Behavior not considered unsafe
The Rust compiler does not consider the following behaviors unsafe, though a programmer may (should) find them undesirable, unexpected, or erroneous.
Deadlocks
Leaks of memory and other resources
Exiting without calling destructors
Exposing randomized base addresses through pointer leaks
Integer overflow
If a program contains arithmetic overflow, the programmer has made an error. In the following discussion, we maintain a distinction between arithmetic overflow and wrapping arithmetic. The first is erroneous, while the second is intentional.
When the programmer has enabled debug_assert!
assertions (for
example, by enabling a non-optimized build), implementations must
insert dynamic checks that panic
on overflow. Other kinds of builds
may result in panics
or silently wrapped values on overflow, at the
implementation's discretion.
In the case of implicitly-wrapped overflow, implementations must provide well-defined (even if still considered erroneous) results by using two's complement overflow conventions.
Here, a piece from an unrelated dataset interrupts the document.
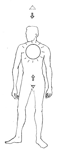 Laat de beide kundalini energieën via je hartchakra stromen en stel aan de voorkant ervan in je aura een prachtige gouden bol voor (zie figuur 9b). Die bol wordt door de beide kundalini-energieën zo opgeladen dat hij gaat stralen met een gouden licht. Deze gouden bol heeft een grote, transformerende kracht.

The integral types provide inherent methods to allow programmers
explicitly to perform wrapping arithmetic. For example,
i32::wrapping_add
provides two's complement, wrapping addition.
The standard library also provides a Wrapping<T>
newtype which
ensures all standard arithmetic operations for T
have wrapping
semantics.
See RFC 560 for error conditions, rationale, and more details about integer overflow.